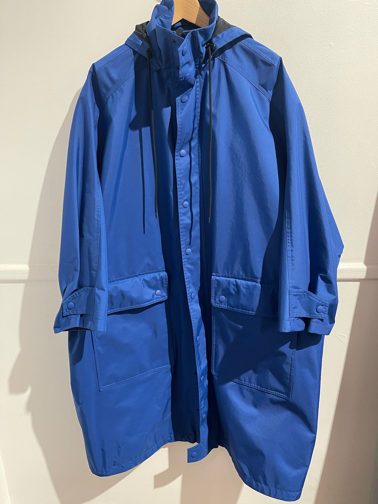 Trench en polyamide bleu cyan avec fermeture zippée et boutonnée. Capuche, logo noir dans le dos. Coupe fluide et oversize. Modèle unisexe.
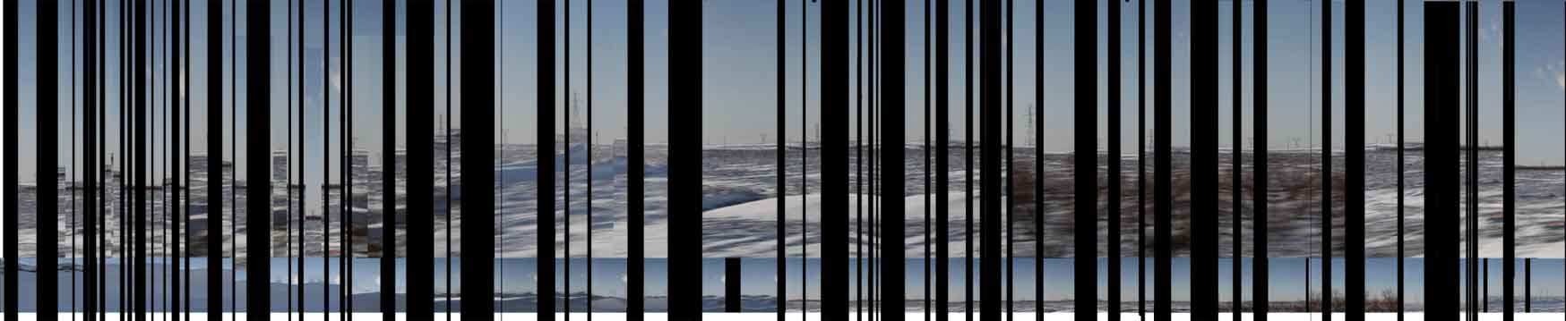 | One of the main reasons, if not the main one, leading to the "Anthropocene" era is the extensive commercialization of the natural resources, as it is happening through the absolutely unbalanced exploitation of nature, especially regarding the exploitation of the natural energy resources and the way they are subsequently consumed and recycled. Audiovisual material is projected on hanged thermal papers creating series of parallel vertical images that resemble a spatial bar-code and imply the conversion of the projected landscapes in consumption products. (http://vasileiosbouzas.artroom7.com/dismemberedlands/). The audiovisual material consists of non-linear narratives recorded during wanderings in various landscapes, where the signs of industrialization and commercialization are quite visible, animated texts which consist of parts of statements on cases of destruction of natural resources and recorded communications concerning a possible disaster, and finally map collages of various industrialized areas. The audio of the installation consists of a synthesis of natural sounds (air and water), sounds of industrial sites and typing processes, creating allegorical readings of the visual material. | |
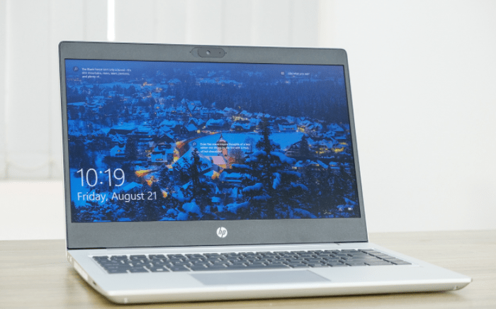 Viền bao quanh màn hình của ProBook 445 G7 khá dày, đặc biệt là hai viền trên dưới, và đây cũng là phần linh kiện duy nhất trên máy được làm bằng nhựa. Đáng chú ý, ở cạnh trên, HP cũng đã tích hợp một thanh trượt để che chắn webcam khi không có nhu cầu sử dụng – một tính năng cần thiết trong kỷ nguyên mà quyền riêng tư đang được đặt lên hàng đầu, đặc biệt quan trọng với những laptop dành cho doanh nghiệp như ProBook 445 G7.
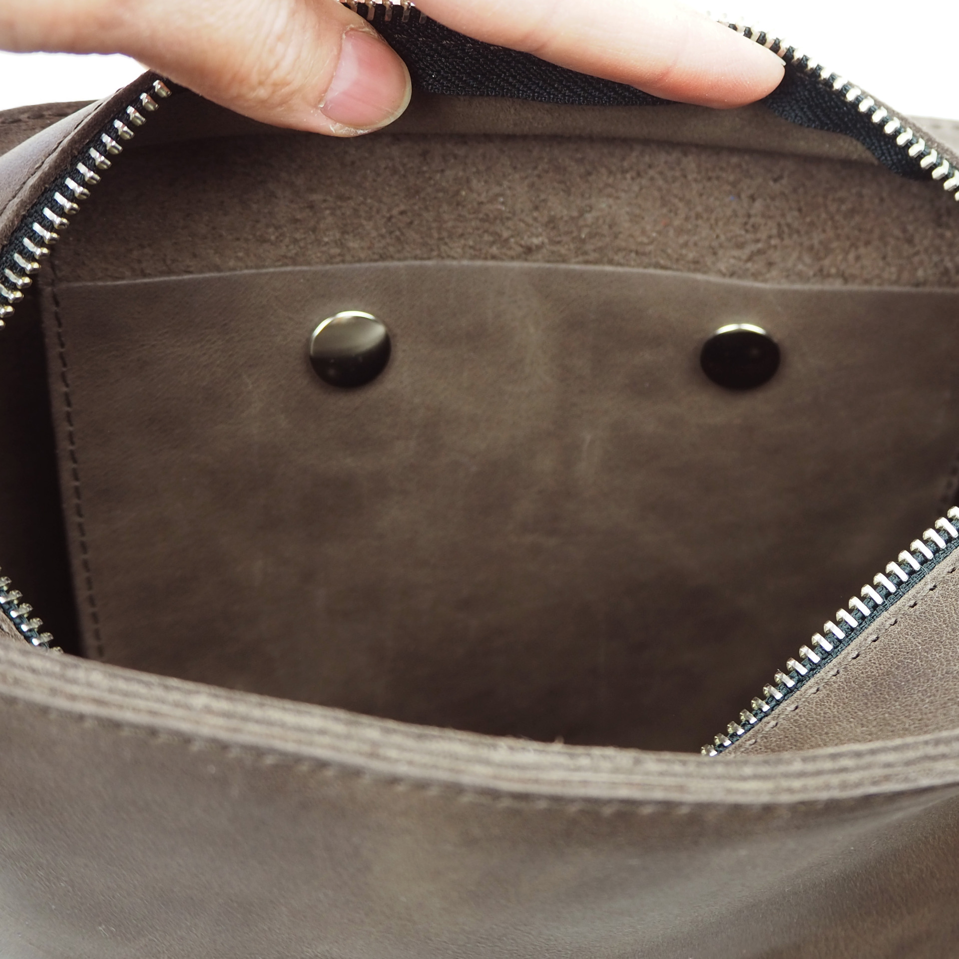 Sisällä kaksi taskua joista toisen kiinnityksenä vetoketju ja toisen kaksi nepparia. Taskujen mitat 17 x 17 cm.
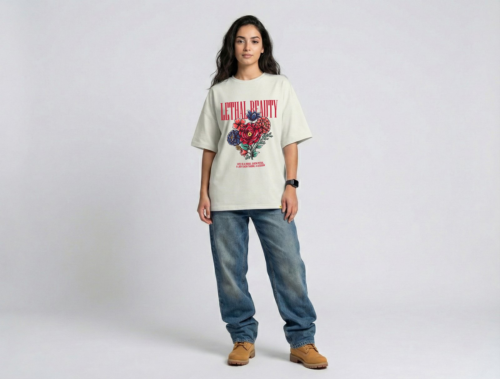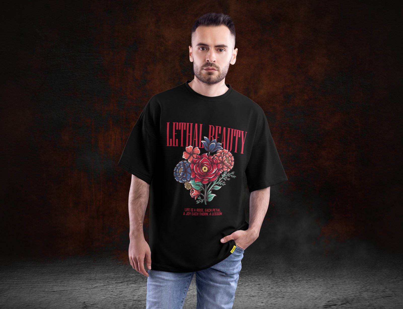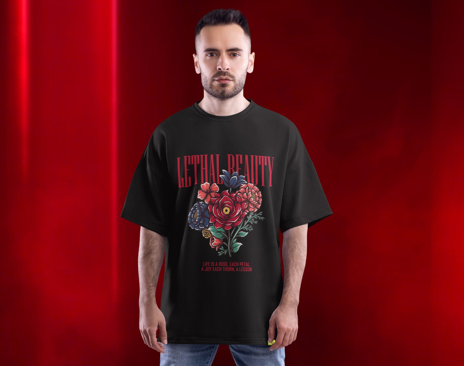 For accessory lovers, minimalism works best — let the floral artwork take center stage. The Lethal Beauty Unisex Oversized T-Shirt is equally versatile for day-to-day wear, evening gatherings, or creative environments where individuality is valued. Its bold visual statement complements confidence and originality.
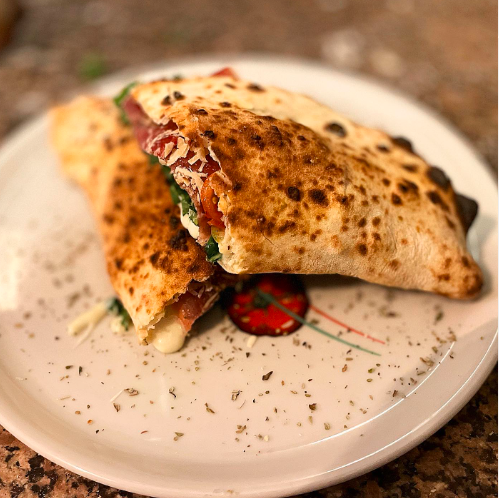 "(mozzarella fresca, provola, rugula, salame) (fresh mozzarella, provola, arugula, salame)"
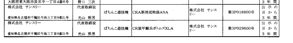 この度「CR装甲騎兵ボトムズXLA」の検定通過が確認できました。メーカーはサミー…さんではなくサンスリーさんからです。以下からご確認くださいませ。
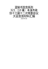 蓝秘书发言系列321(10篇)本溪市政协十三届十二次常委会议大会发言材料汇编2020年8月目录1.市政协委员、市政协经济委副主任、市机关事务管理局副局长周建军:关于加快推进我市智能塔吊制造产业发展的建议12.市政协常委、九三学社本溪市委委员、明山区副区长周晓婕:关于持续推进本溪智慧城市建设的建议33.市政协委员、市政协学习宣传和文化文史委副主任孟庆福:关于“十四五”期间规划建设“太雅浑”慢行绿道的建议54.市政协委员、本溪满族自治县委常委、统战部部长张蕾:关于本溪明长城遗址保护利用的建议75.市政协委员、市政协提案委副主任张春菊:关于“十四五”加快推进重点交通项目建设持续拉动本溪经济社会发展的...
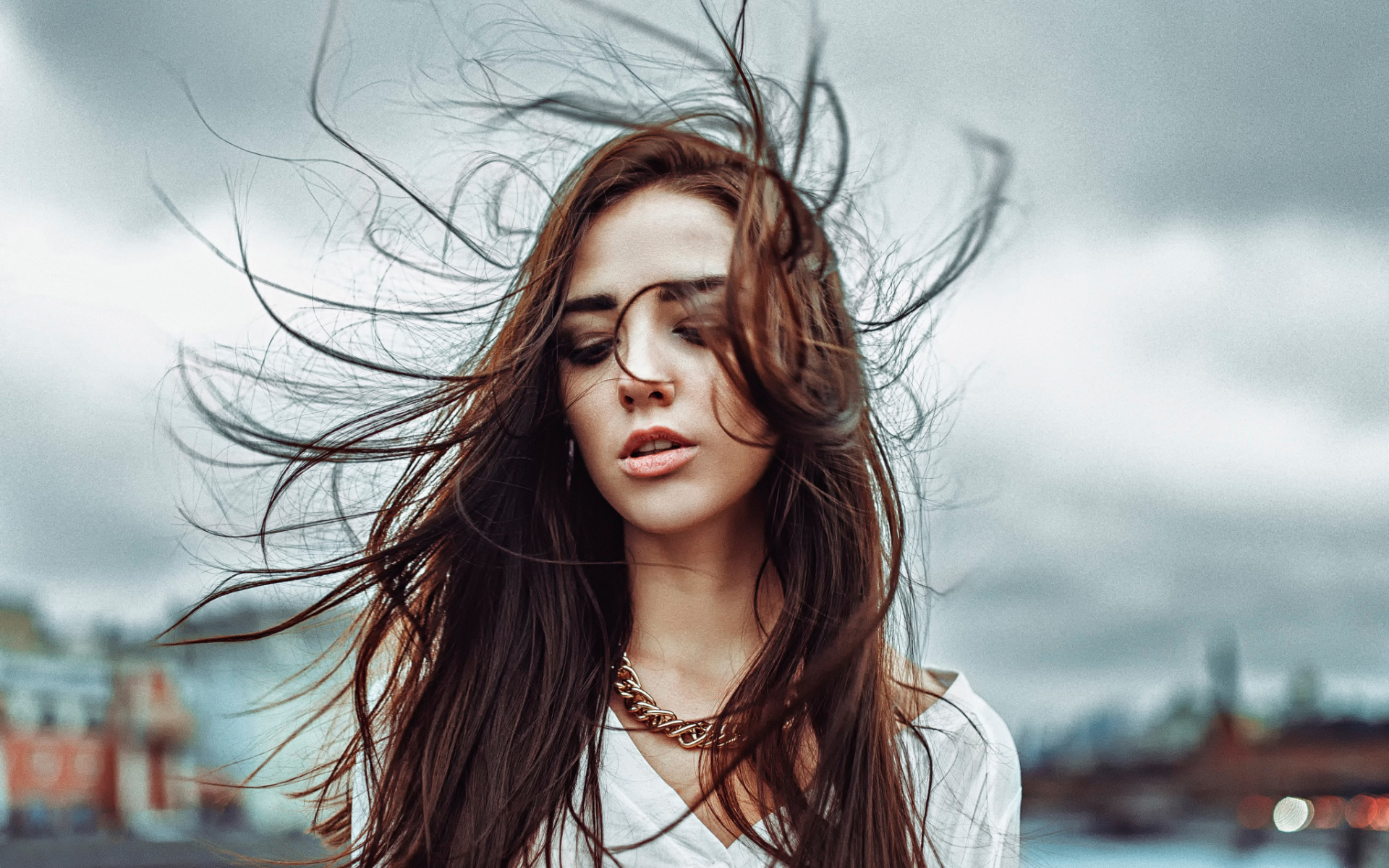 Description: A woman with long hair standing in front of a cloudy sky with her hair blowing in the wind and a city in the background.
━━━━━━━━━━━━━━━━━━━━━━━━━━━━━━
Retype exactly, please, the span from the line holding "For accessory lovers, minimalism" through the closing line of the data, both ends included, without the pictures.

 For accessory lovers, minimalism works best — let the floral artwork take center stage. The Lethal Beauty Unisex Oversized T-Shirt is equally versatile for day-to-day wear, evening gatherings, or creative environments where individuality is valued. Its bold visual statement complements confidence and originality.
 "(mozzarella fresca, provola, rugula, salame) (fresh mozzarella, provola, arugula, salame)"
 この度「CR装甲騎兵ボトムズXLA」の検定通過が確認できました。メーカーはサミー…さんではなくサンスリーさんからです。以下からご確認くださいませ。
 蓝秘书发言系列321(10篇)本溪市政协十三届十二次常委会议大会发言材料汇编2020年8月目录1.市政协委员、市政协经济委副主任、市机关事务管理局副局长周建军:关于加快推进我市智能塔吊制造产业发展的建议12.市政协常委、九三学社本溪市委委员、明山区副区长周晓婕:关于持续推进本溪智慧城市建设的建议33.市政协委员、市政协学习宣传和文化文史委副主任孟庆福:关于“十四五”期间规划建设“太雅浑”慢行绿道的建议54.市政协委员、本溪满族自治县委常委、统战部部长张蕾:关于本溪明长城遗址保护利用的建议75.市政协委员、市政协提案委副主任张春菊:关于“十四五”加快推进重点交通项目建设持续拉动本溪经济社会发展的...
 Description: A woman with long hair standing in front of a cloudy sky with her hair blowing in the wind and a city in the background.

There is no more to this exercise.